Liberty Spring Place is a campus we planted 2 years ago in a local mobile home park that resembles many of the mission trips I have taken into 3rd world contexts. There are approximately 110 mobile home units that house a pocket of our population that is presented with the manifold challenges of poverty – drug abuse, domestic abuse, transportation issues, neglect, malnutriton, low education, and a dire lack of simple, workable, effective life skills. Liberty Spring Place began as a tent on a corner lot that turned into an invitation from the community for us to plant a permanent site there. The results have been incredible as Campus Pastor Mark Seay and our Spring Place team has made a major connection with the community and has partnered with other organizations to bring much needed services into the area. It really is a great story and a prime example of the difference the gospel makes when the gospel is proclaimed and applied.

Last night was our Christmas dinner at Liberty Spring Place. 10 of our football players joined me to attend the event and act as servers. They served plates of food, interacted with the kids, and at the end of the evening they walked several kids home. As they walked down the dusty streets each player carried enough groceries so that the children would have food to eat during their Christmas break as many of them rely on the public schools system to serve them breakfast and lunch. The sacks of groceries were provided by our local Community of Hope. The muscle was provided by CHS Lions football.
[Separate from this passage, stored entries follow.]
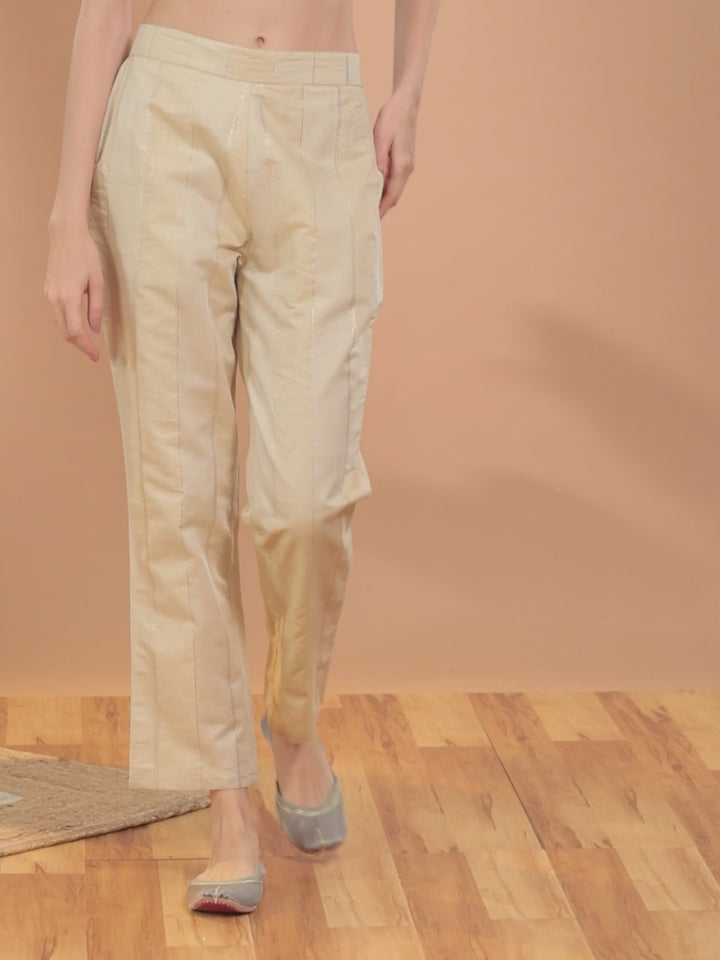Our beige woven trousers feature a partially elasticated waistband, flat-front with no pleats design, and mid-rise waist style with slip-on closure and roomy pockets. This intricate style is perfect for festive celebrations.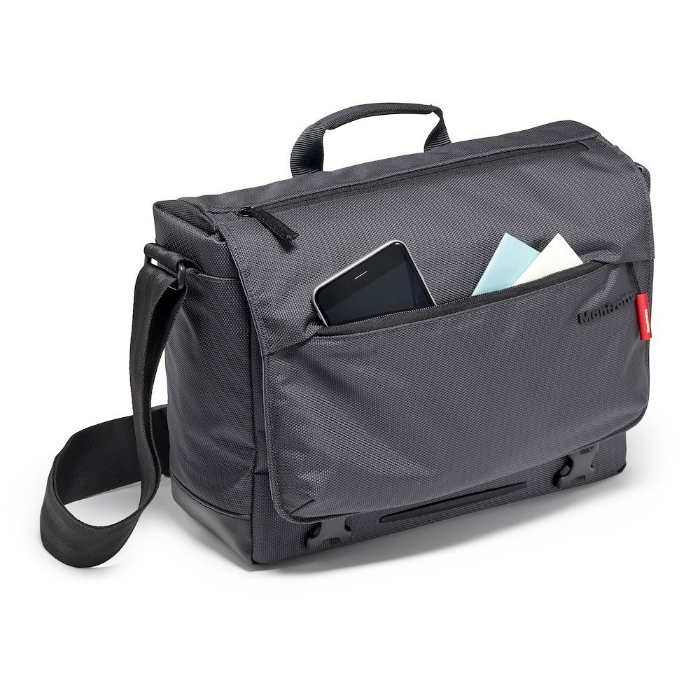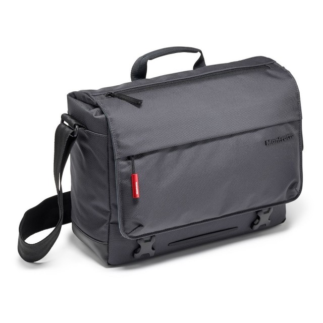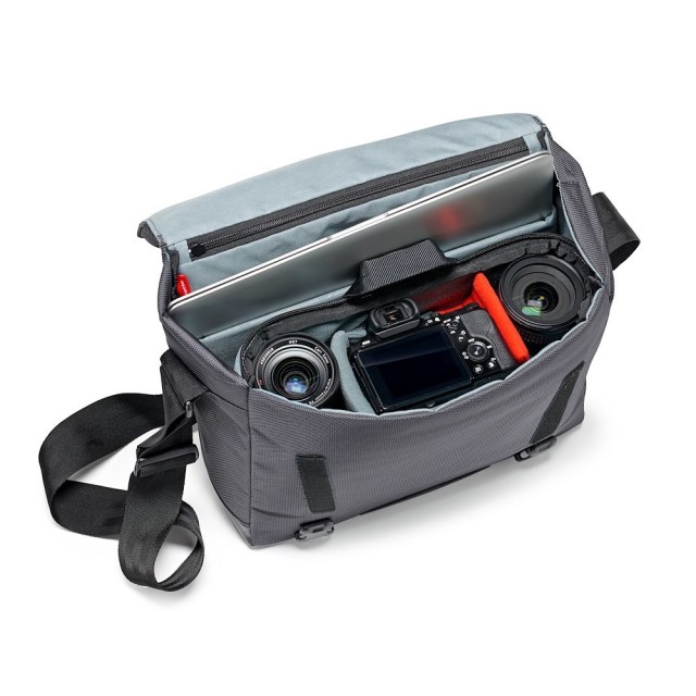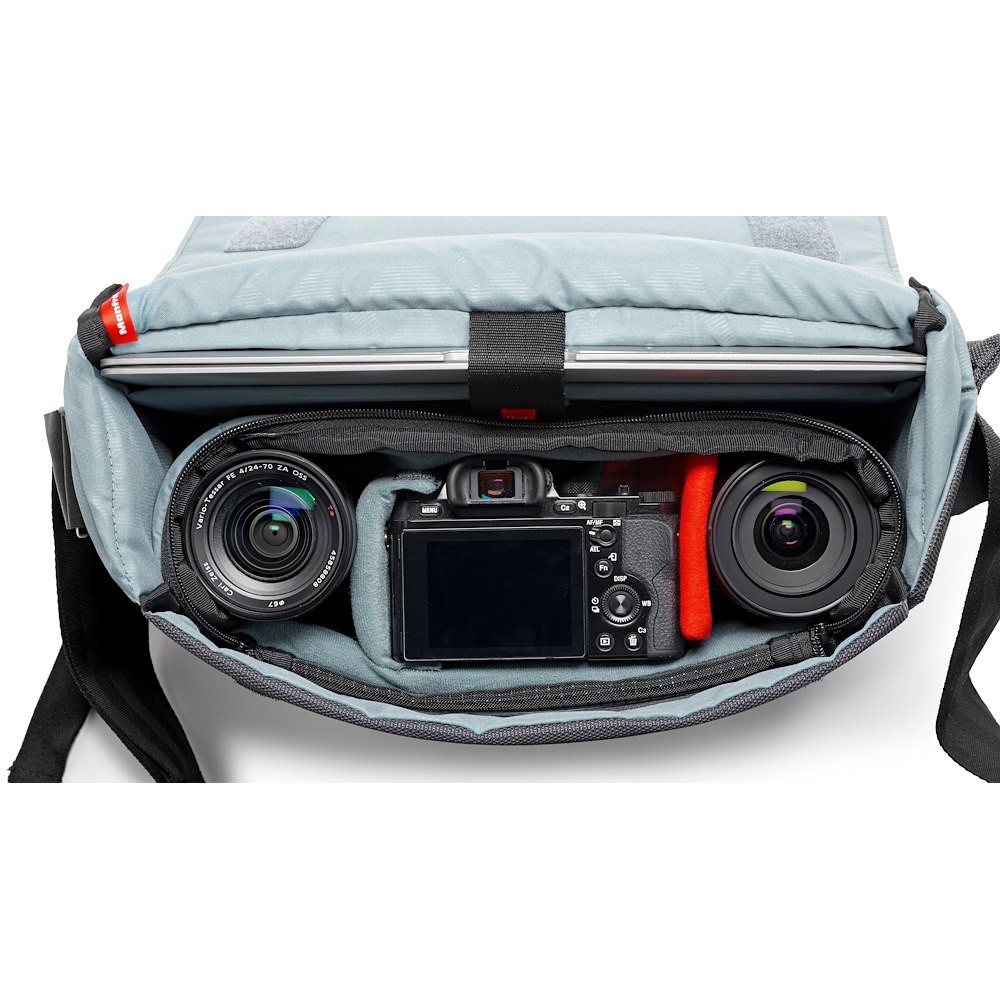 Manfrotto MB MN-M-SD-10 Manhattan Speedy-10 Messenger je siva balistička najlonska urbana torba od 880 g s uklonjivim Flexy Camera Shell umetkom (26 × 10 × 19 cm), džepom za prijenosno računalo od 12", skrivenim preklopom za stativ, stabilizacijskim remenom i vodoodbojnim premazom - prikladna za premium CSC (A7II + 2 objektiva) ili DJI Mavic komplete za svakodnevno putovanje na posao ili gradsko snimanje.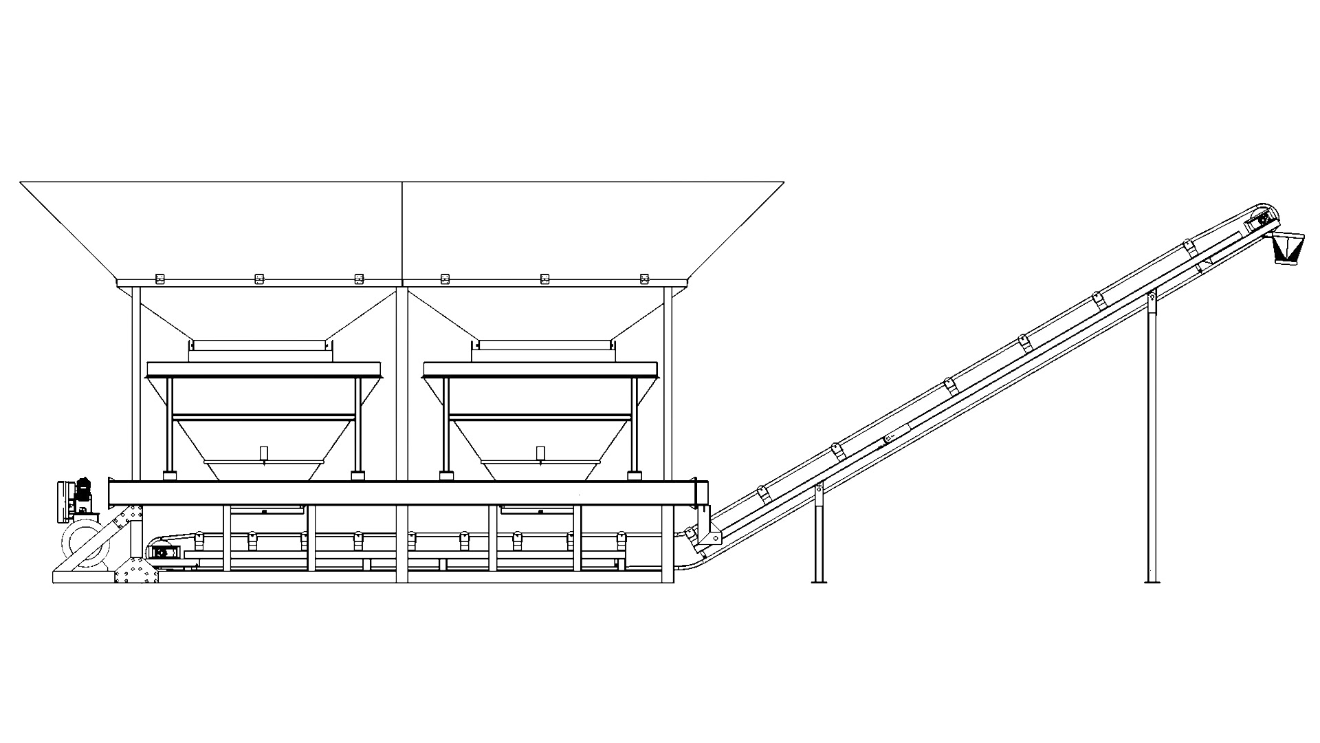 Accumulative stationary concrete batching plant with 2 independent batching hoppers for weighing aggregates and a cumulative aggregate ship for greater capacity.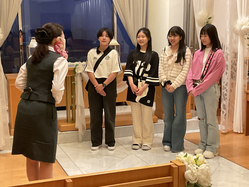 ホテルに到着。代表生徒として旅行係が、ホテルの方にご挨拶をしました。非常に心のこもったおもてなしをしていただきました。一晩お世話になります。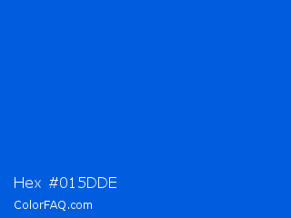 Hex #015dde Color is a normal blue color and the nearest color is Science Blue #0066cc. Hex code #015dde and RGB value is rgb(1,93,222). In RGB color space, this color is composed of 0% red, 36% green, 87% blue, In CMYK color space, this color is composed of 100% cyan, 58% magenta, 0% yellow , 13% black , In HSL color space, this color has a hue angle of 215° , 99% saturation and 44% lightness.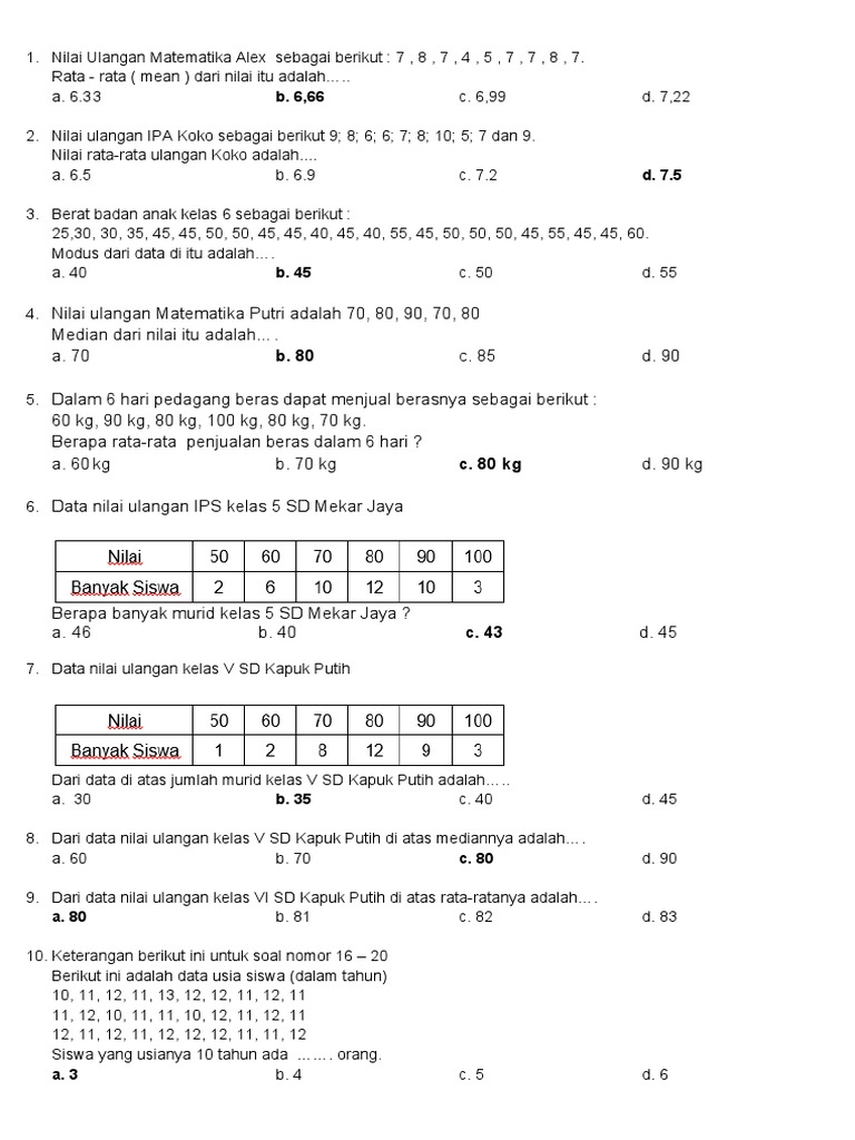 Soal Matematika Sd Kelas 6 Menentukan Rata Rata Dan Modus Download Buku Gratis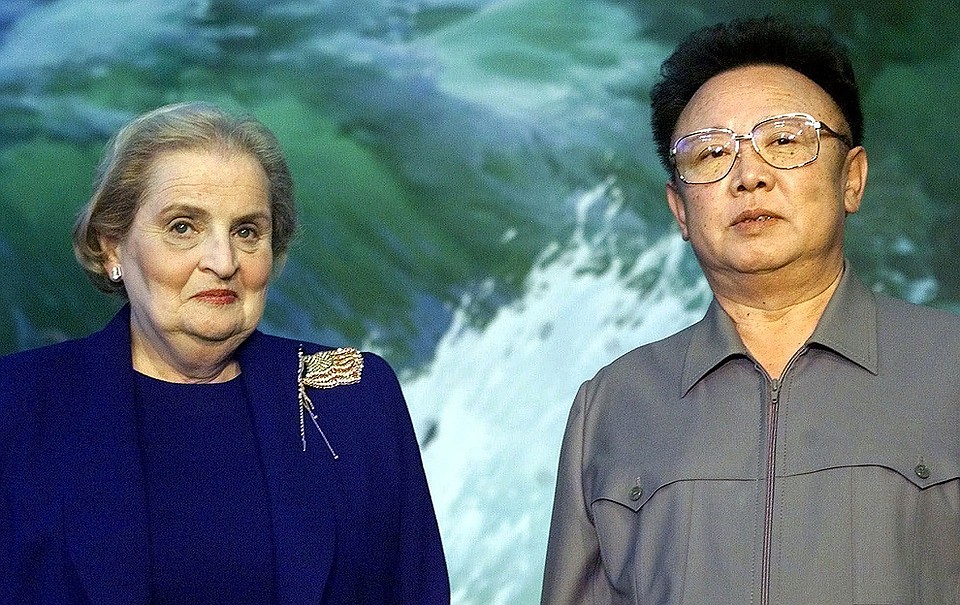 На встречу с Ким Чен Иром Мадлен Олбрайт явилась с роскошной большой брошью в виде флага Соединенных Штатов Америки.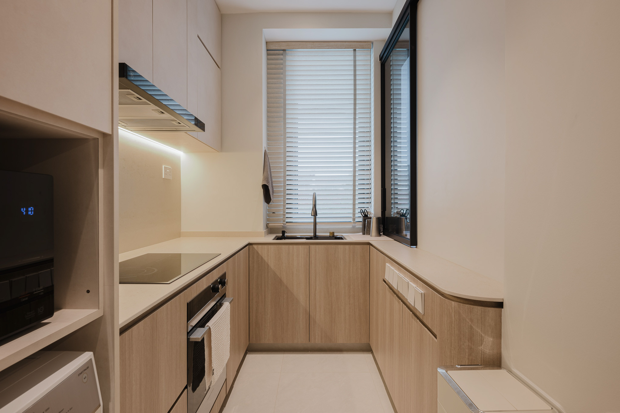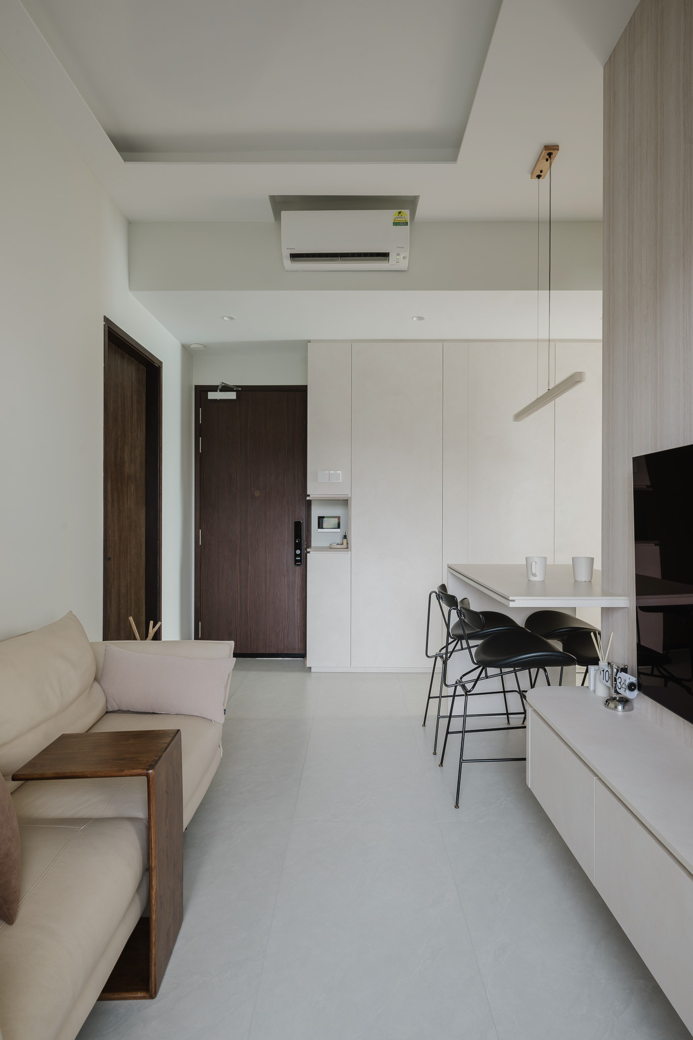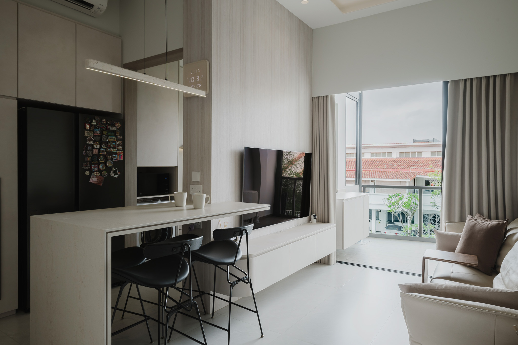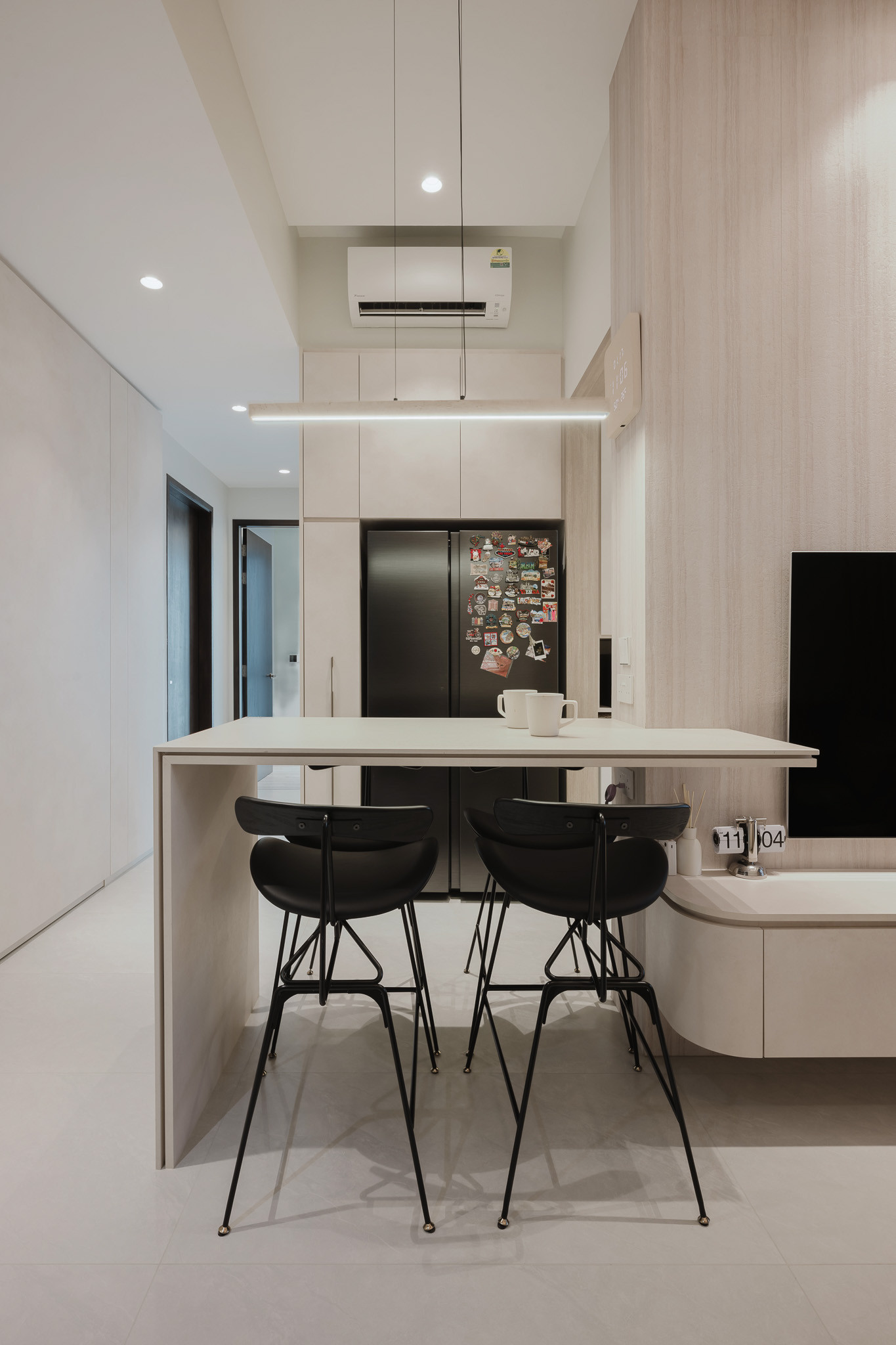 Nestled in the quiet residential pocket of Telok Kurau, this two-bedroom condominium reflects a calm, grounded lifestyle — one that values comfort, simplicity, and the beauty of everyday living. Designed for a couple who enjoy spending time at home, the space was envisioned as a serene retreat where daily routines unfold gracefully against a neutral, timeless backdrop. The design draws inspiration from a soft and natural palette of cream, beige, and nude hues. These tones form the foundation of the home’s atmosphere — warm, gentle, and effortlessly inviting. The intention was to strip away excess and allow texture, proportion, and light to take center stage. From the moment one steps in, the space feels calm and open, with natural light filtering through sheer curtains, softening every edge and corner.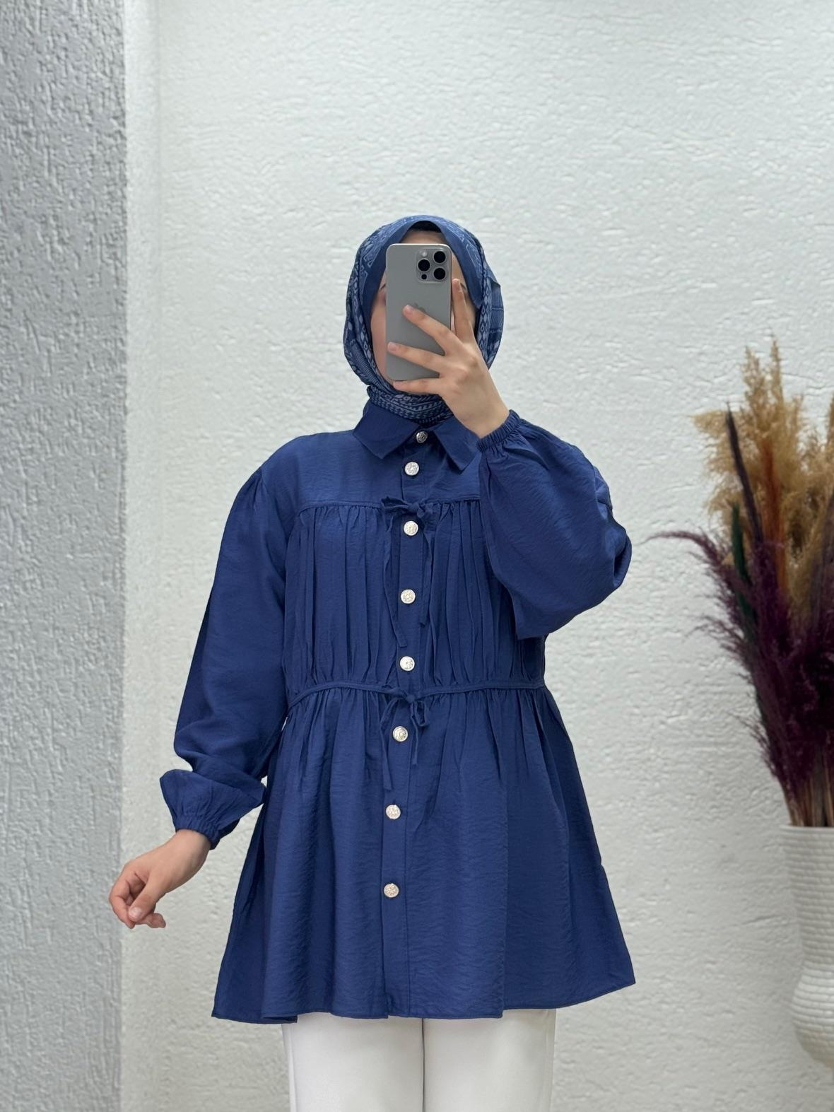 Maresia Katkatlı Biyeli Bağlamalı Gömlek-ZN7802 Lacivert

As I was taking one of our players home he said to me, “I like your church. You guys do a lot to rescue people.” That meant the world to me as a pastor to have a 16 year old Junior tailback say those words about the people God has called me to pastor. Little did he know that written on the walls of our building are the words, “Rescue People. Show Them What We Do. Send Them Out to Do What We do.” That is the mission of Liberty and he expressed it – not by reading the wall, but by reading our people!

 

Every church needs a definitive mission statement that is clear and motivating. Liberty’s is clearly presented in the foyer of the new church facility on Highway 76. SCOTT BARKLEY/Index

Liberty does a lot to rescue people. We have an amazing Celebrate Recovery program that meets on two campuses. Once a month, soon twice a month in two locations, we partner with Hope for the Hungry to provide meals for those in need. At our most recent Hope for the Hungry the demand was so great that we had to turn the sanctuary into a waiting room for those needing a meal. While a lot of church’s are planting campuses in developing affluent communities, Liberty’s last two campuses were planted in the home of a declining/dying congregation and a trailer park. I love the heart of God’s people at Liberty.

So there was our stud tailback – 220, 4.6/40, full of muscle and hopes of earning a college scholarship next year hauling groceries, watching people in a church saying it as well as it could be stated, “That’s what Jesus told the church to do, help people.” That’s right #27!

I love my church. I love serving student athletes. I love it when worlds collide! Way to go Liberty crew! Thanks Lions! Let’s keep RESCUING PEOPLE in Jesus’ name!